I have a Haskell data type like

data Mytype
  = C1
  | C2 Char
  | C3 Int String

If I case on a Mytype and forget to handle one of the cases, GHC gives me a warning (exhaustiveness check).

I now want to write a QuickCheck Arbitrary instance to generate MyTypes like:

instance Arbitrary Mytype where
  arbitrary = do
    n <- choose (1, 3 :: Int)
    case n of
      1 -> C1
      2 -> C2 <$> arbitrary
      3 -> C3 <$> arbitrary <*> someCustomGen

The problem with this is that I can add a new alternative to Mytype and forget to update the Arbitrary instance, thus having my tests not test that alternative.

I would like to find a way of using GHC's exhaustiveness checker to remind me of forgotten cases in my Arbitrary instance.

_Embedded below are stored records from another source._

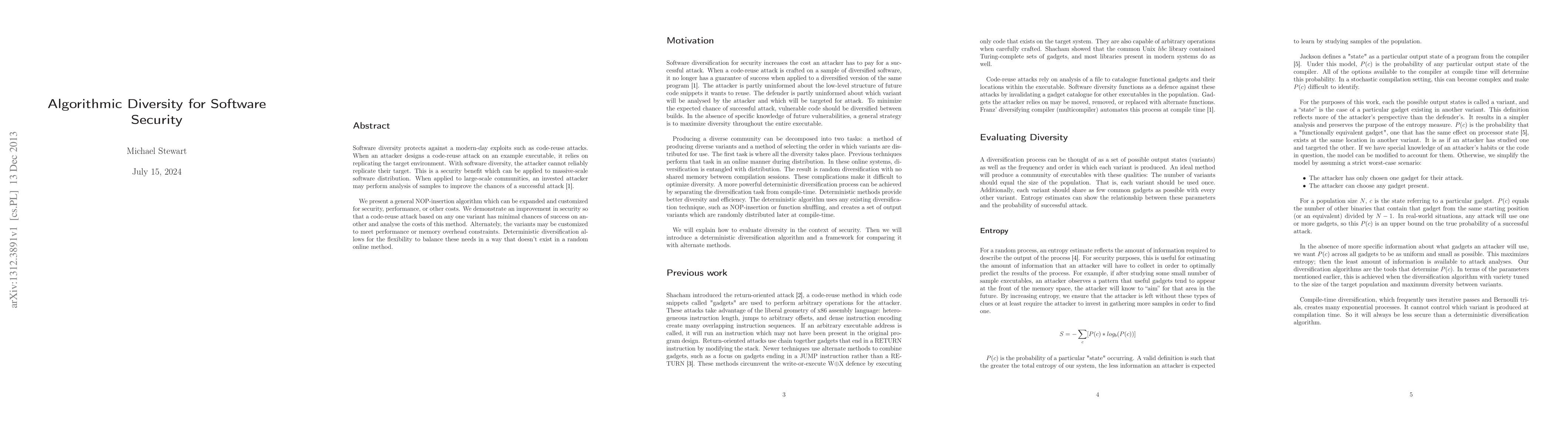 This paper presents a NOP-insertion algorithm to enhance software diversity, thereby improving security against code-reuse attacks by making it difficult for attackers to replicate the target environment. The method allows for customization to balance security, performance, and memory overhead, offering a deterministic approach over random online diversification.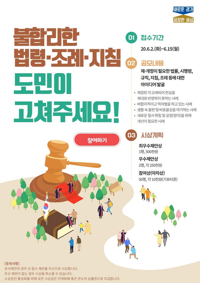 참여방법은 경기도의소리에서 진행되고 있는 ‘불합리한 법령 조례 지침, 도민이 고쳐주세요’를 통해 참여하면 된다.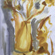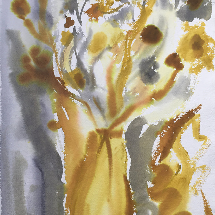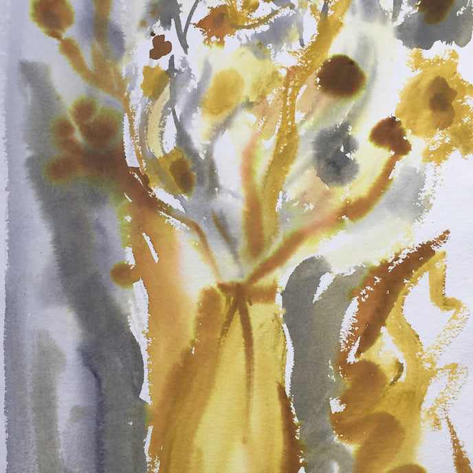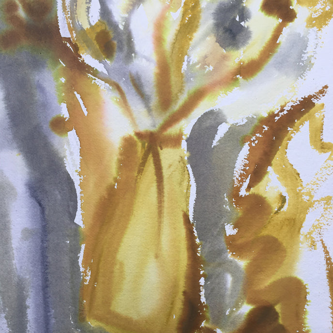 Watercolour painting on a heavy weight textured khadi paper. Burnt umber and ochre tones with flashes of grey.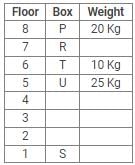 Box V was placed at one of the even numbered shelves and contained 17 kg of Sugar. The box which was placed on 6th shelf contained 10 kg of Sugar. Box Q was placed immediately below the box which contained 8 kg of Sugar and immediately above the box which contained 2 kg of Sugar. Box R was not the lightest and Box U, was the heaviest. Box R was placed above the shelf on which Box U was placed but not on the even numbered shelf. Box P, contained 20 kg of Sugar, and was placed either at the top or bottom shelf. There are three boxes between Box U and Box S and Box S was placed below the shelf on which Box U was placed. T was placed immediately above the box which was heaviest.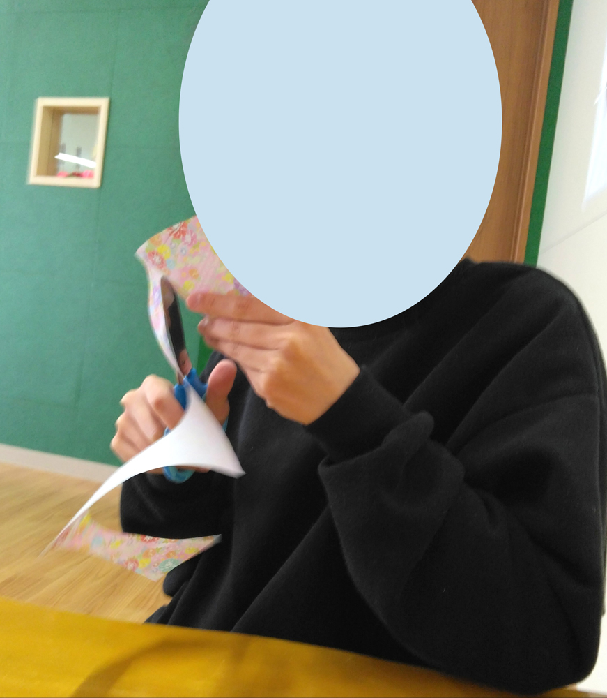 まずは折り紙を まるく切ります。
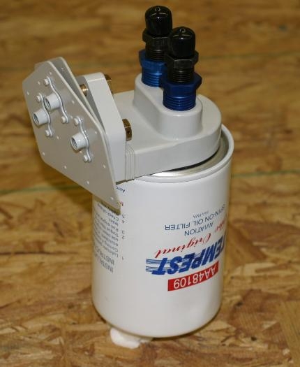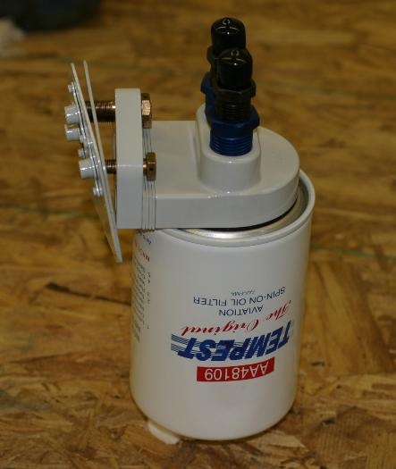 I'm going to use an external oil filter; I bought an Earl's remote oil filter from Summit Racing. The billet aluminum device resulted in the filter being too close to the firewall. I added .25 inch of clearance and drilled a lightening hole in the billet firewall attach portion. I also made a sandwich doubler of .063 to mount it to the firewall so as to prevent too much load on the thin stainless firewall.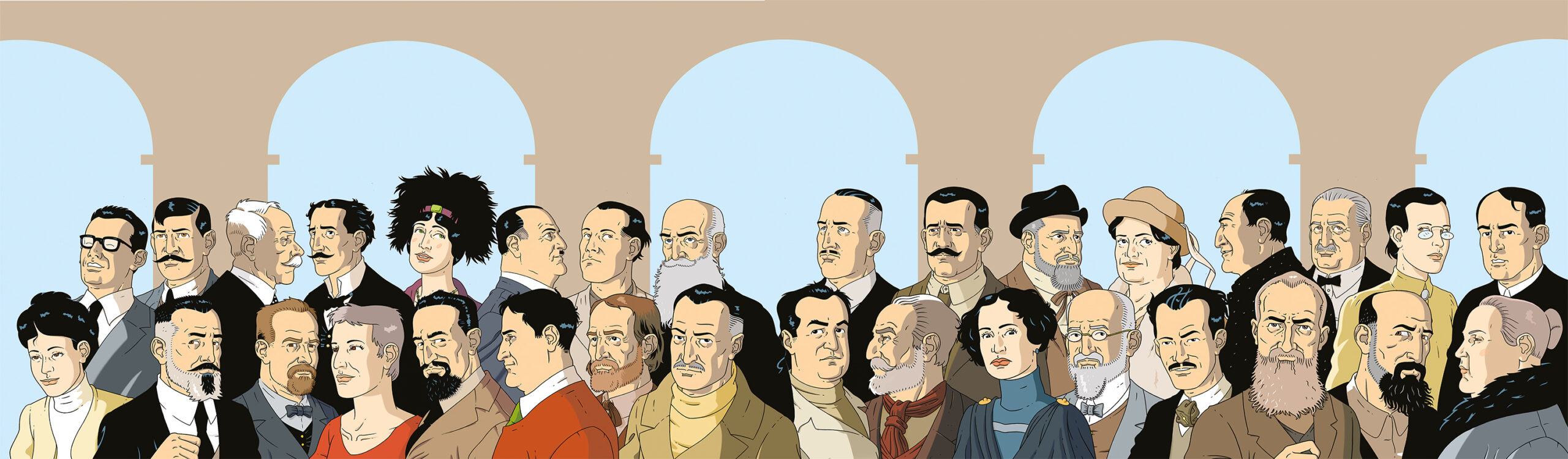 Da sinistra, in alto, Nino Chiappano, Alessandro Mazzucotelli, Sabatino Lopez, Ettore Fabietti, Lyda Borelli, Riccardo Bauer, Marino Marini, Lodovico D’Aragona, Felice Ferri, Barnardino Mazza, Filippo Turati, Maria Montessori, Albe Steiner, Carlo Gatti, Linda Malnati, Umberto Boccioni.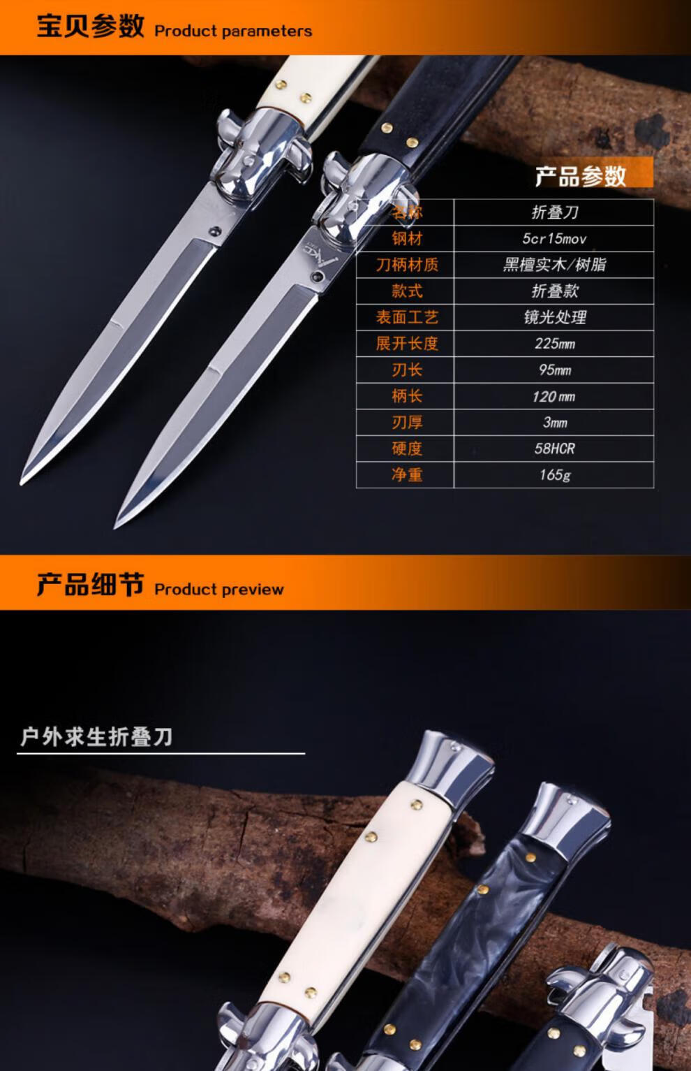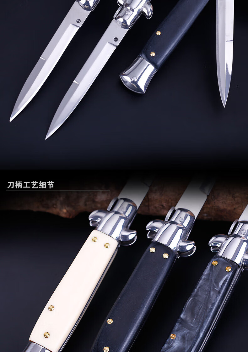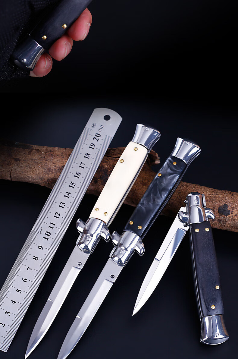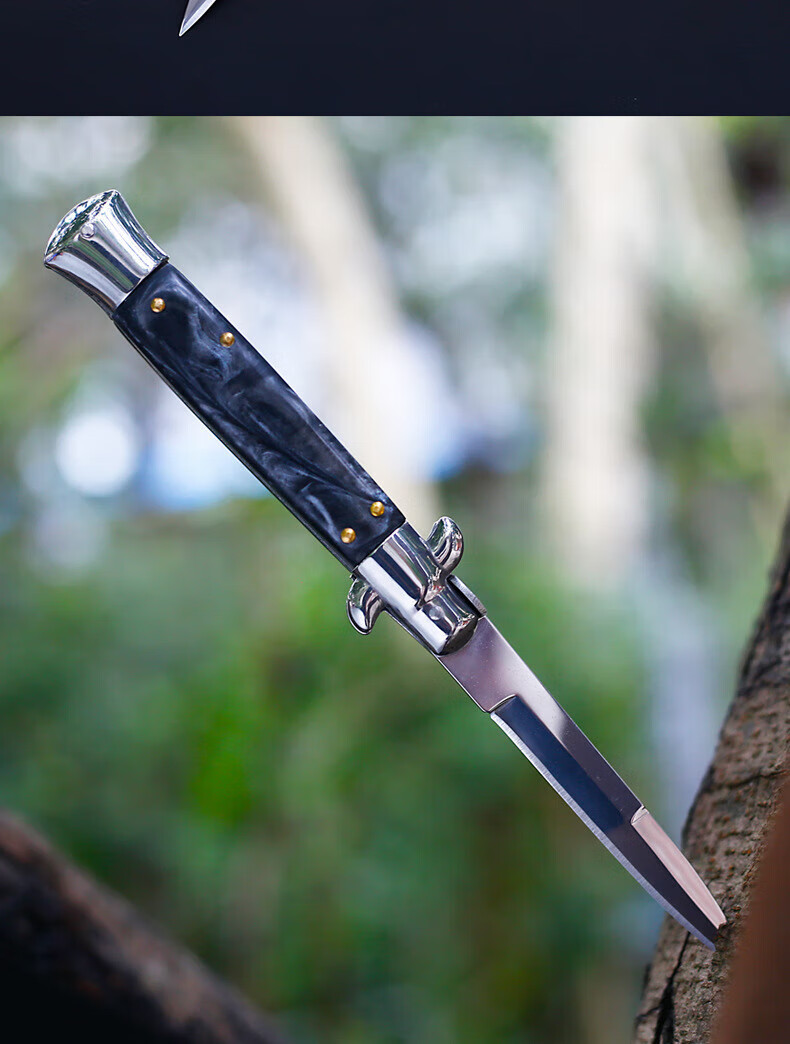 意大利黑手党便携户外防身高硬度小刀野外求生快开刀具60 深灰色9点5cm

The best I've come up with is

arbitrary = do
  x <- elements [C1, C2 undefined, C3 undefined undefined]
  case x of
    C1     -> C1
    C2 _   -> C2 <$> arbitrary
    C3 _ _ -> C3 <$> arbitrary <*> someCustomGen

But it doesn't really feel elegant.

I intuitively feel that there's no 100% clean solution to this, but would appreciate anything that reduces the chance of forgetting such cases - especially in a big project where code and tests are separated.

nh2
  • 24,526
  • 11
  • 79
  • 128
  • 2
    Just a note: One can write `C2{}` instead of `C2 _` and so on which at least makes the syntax a bit nicer. – nh2 Aug 28 '14 at 19:59
  • 2
    Note that the `undefined` thing will fail if the constructor is strict. – Lambda Fairy Sep 04 '14 at 08:23
  • Is there some reason you don't want to just derive the Arbitrary instance automatically with TH? – Dan Burton Sep 04 '14 at 18:52
  • @DanBurton Yes, I wanted to hint at that with my use of `someCustomGen`. If I have some invariant not captured by the type system, or otherwise want to influence with what probability alternatives are generated (to make it more likely to generate non-trivial cases), I have to customise parts of the Arbitrary instance (e.g. with QuickCheck's `frequency` function). – nh2 Sep 04 '14 at 21:26
  • Great question! I have opened https://github.com/nick8325/quickcheck/issues/267 to ask what the recommended solution is today. – sjakobi Aug 31 '19 at 15:16

4 Answers4

2

I implemented a solution with TemplateHaskell, you can find a prototype at https://gist.github.com/nh2/d982e2ca4280a03364a8. With this you can write:

instance Arbitrary Mytype where
  arbitrary = oneof $(exhaustivenessCheck ''Mytype [|
      [ pure C1
      , C2 <$> arbitrary
      , C3 <$> arbitrary <*> arbitrary
      ]
    |])

It works like this: You give it a type name (like ''Mytype) and an expression (in my case a list of arbitrary style Gens). It gets the list of all constructors for that type name and checks whether the expression contains all of these constructors at least once. If you just added a constructor but forgot to add it to the Arbitrary instance, this function will warn you at compile time.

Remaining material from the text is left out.